» **Work task**: Could you print the stretch of lines below from the one with "1984: Przezylismy Gross" through the one with "This Hermès Birkin", exactly as they stand and without any pictures?

» **Record set**:
____________

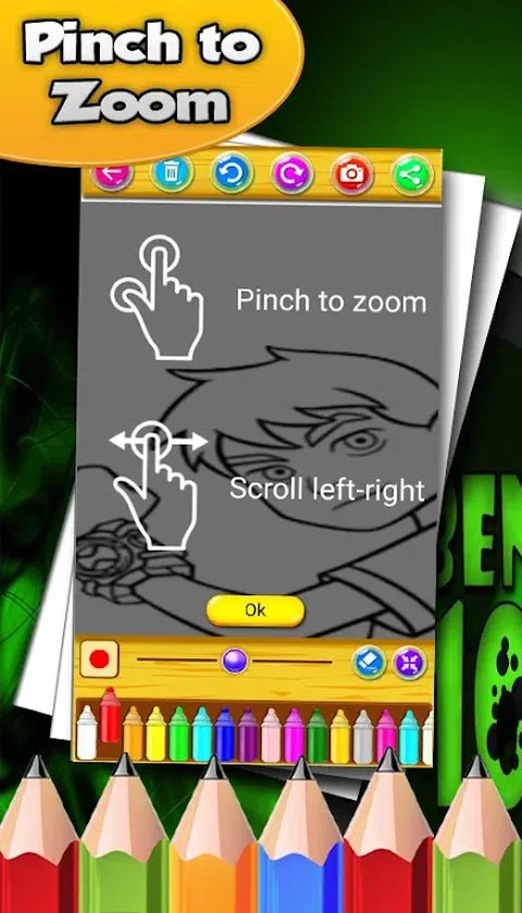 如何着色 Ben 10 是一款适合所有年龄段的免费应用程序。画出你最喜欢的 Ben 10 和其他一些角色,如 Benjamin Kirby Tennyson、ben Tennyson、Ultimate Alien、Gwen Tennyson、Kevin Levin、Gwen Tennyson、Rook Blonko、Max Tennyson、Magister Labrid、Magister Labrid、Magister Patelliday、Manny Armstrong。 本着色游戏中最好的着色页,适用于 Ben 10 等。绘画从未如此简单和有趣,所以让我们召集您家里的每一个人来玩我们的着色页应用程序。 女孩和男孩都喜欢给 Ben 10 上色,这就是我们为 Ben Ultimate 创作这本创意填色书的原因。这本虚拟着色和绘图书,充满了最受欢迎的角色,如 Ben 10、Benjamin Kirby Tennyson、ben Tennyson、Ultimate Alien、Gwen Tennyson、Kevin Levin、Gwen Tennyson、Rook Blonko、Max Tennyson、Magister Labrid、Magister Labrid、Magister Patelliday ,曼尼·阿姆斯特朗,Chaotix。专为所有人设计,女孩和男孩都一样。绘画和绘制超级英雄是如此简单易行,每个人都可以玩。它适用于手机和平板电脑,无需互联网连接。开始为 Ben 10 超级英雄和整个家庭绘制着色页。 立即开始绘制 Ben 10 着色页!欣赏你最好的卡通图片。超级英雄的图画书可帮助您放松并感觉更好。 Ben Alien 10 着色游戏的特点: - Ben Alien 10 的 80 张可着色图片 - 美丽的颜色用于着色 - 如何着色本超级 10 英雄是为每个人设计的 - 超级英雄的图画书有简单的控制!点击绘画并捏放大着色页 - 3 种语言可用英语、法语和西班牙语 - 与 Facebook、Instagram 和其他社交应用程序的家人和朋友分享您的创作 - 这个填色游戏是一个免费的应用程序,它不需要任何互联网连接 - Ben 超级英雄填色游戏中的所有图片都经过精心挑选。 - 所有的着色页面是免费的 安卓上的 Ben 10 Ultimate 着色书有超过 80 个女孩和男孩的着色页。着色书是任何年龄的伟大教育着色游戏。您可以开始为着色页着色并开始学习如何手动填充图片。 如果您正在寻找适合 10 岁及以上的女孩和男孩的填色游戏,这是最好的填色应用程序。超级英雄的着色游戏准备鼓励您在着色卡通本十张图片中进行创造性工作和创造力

____________

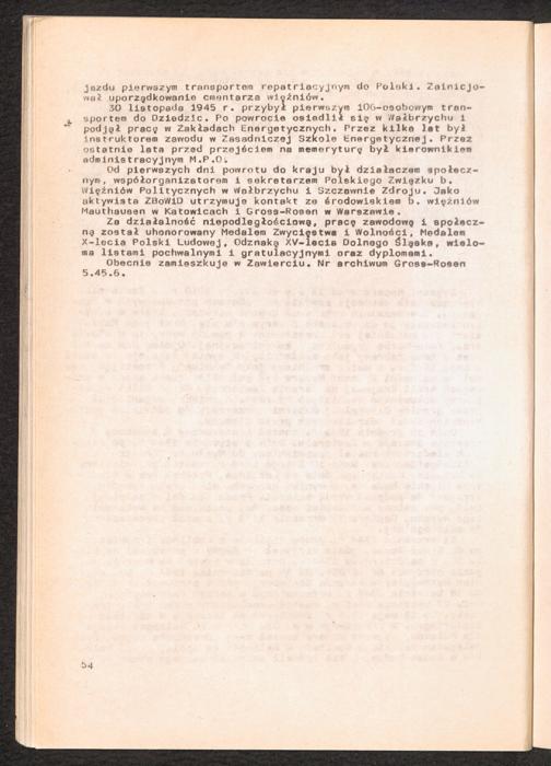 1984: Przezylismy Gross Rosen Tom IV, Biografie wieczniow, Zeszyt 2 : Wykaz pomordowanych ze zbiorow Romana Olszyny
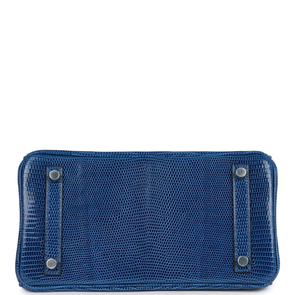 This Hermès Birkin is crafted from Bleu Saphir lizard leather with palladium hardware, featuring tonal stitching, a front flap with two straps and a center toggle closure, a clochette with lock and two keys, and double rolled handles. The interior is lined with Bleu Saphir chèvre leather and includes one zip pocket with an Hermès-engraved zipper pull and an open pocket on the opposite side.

____________

» **Finished task**:
 1984: Przezylismy Gross Rosen Tom IV, Biografie wieczniow, Zeszyt 2 : Wykaz pomordowanych ze zbiorow Romana Olszyny
 This Hermès Birkin is crafted from Bleu Saphir lizard leather with palladium hardware, featuring tonal stitching, a front flap with two straps and a center toggle closure, a clochette with lock and two keys, and double rolled handles. The interior is lined with Bleu Saphir chèvre leather and includes one zip pocket with an Hermès-engraved zipper pull and an open pocket on the opposite side.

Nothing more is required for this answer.